• **DATA SEGMENT**:
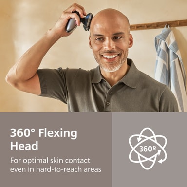 Det 360° fleksible hodet beveger seg i alle retninger for å følge konturene på hodet ditt, noe som sikrer jevn kontakt og en jevn barbering.
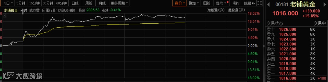 今日,港股老铺黄金一度涨超18%,股价突破1000港元/股,续创历史新高。随后,涨幅有所收窄,但整体涨幅依然非常可观,市值也突破1700亿港元。
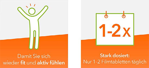 Hinter häufiger Müdigkeit, Konzentrationsproblemen, blasser Haut oder einem geschwächten Immunsystem kann ein Eisenmangel stecken. Um diesen auszugleichen, eignen sich Eisentablettenratiopharm ® N 50 mg Filmtabletten. Erwachsene nehmen täglich 1 bis 4 Filmtabletten und Kinder ab einem Körpergewicht von 25 kg 1 bis 3 Filmtabletten. Am besten nehmen Sie Eisentablettenratiopharm ® 50 mg Filmtabletten mit einem Glas Orangensaft ein, da der Körper Eisen in Verbindung mit Vitamin C besser aufnehmen kann.
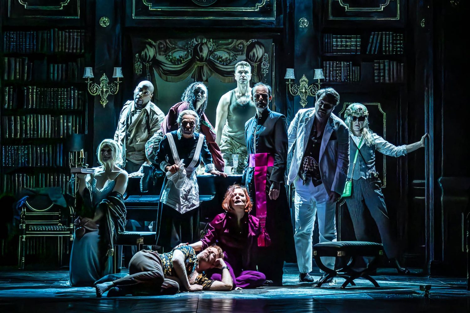 That unease boils over in Act II. The characters gather in the ambassador’s home, sit down to dinner, and then simply cannot leave. The tone shifts. There’s barely any music. The party becomes a prison. The show becomes a play. Characters panic, turn on one another, confess secrets, break down. The artificial world of Act I gives way to a cluttered, ornate salon full of creepy details (including, at one point, a bear). It’s here that the seams of the unfinished musical start to show. Sondheim died before completing the second half, and the absence of music feels abrupt. One character even says, “Rest in peace,” as if to mark the score’s end.

• **ABOUT THIS EXERCISE**: The response is to contain exactly the lines from the beginning of the data through the line containing "今日,港股老铺黄金一度涨超1", both ends included, and nothing else; omit the pictures.

• **RESPONSE AREA**:
 Det 360° fleksible hodet beveger seg i alle retninger for å følge konturene på hodet ditt, noe som sikrer jevn kontakt og en jevn barbering.
 今日,港股老铺黄金一度涨超18%,股价突破1000港元/股,续创历史新高。随后,涨幅有所收窄,但整体涨幅依然非常可观,市值也突破1700亿港元。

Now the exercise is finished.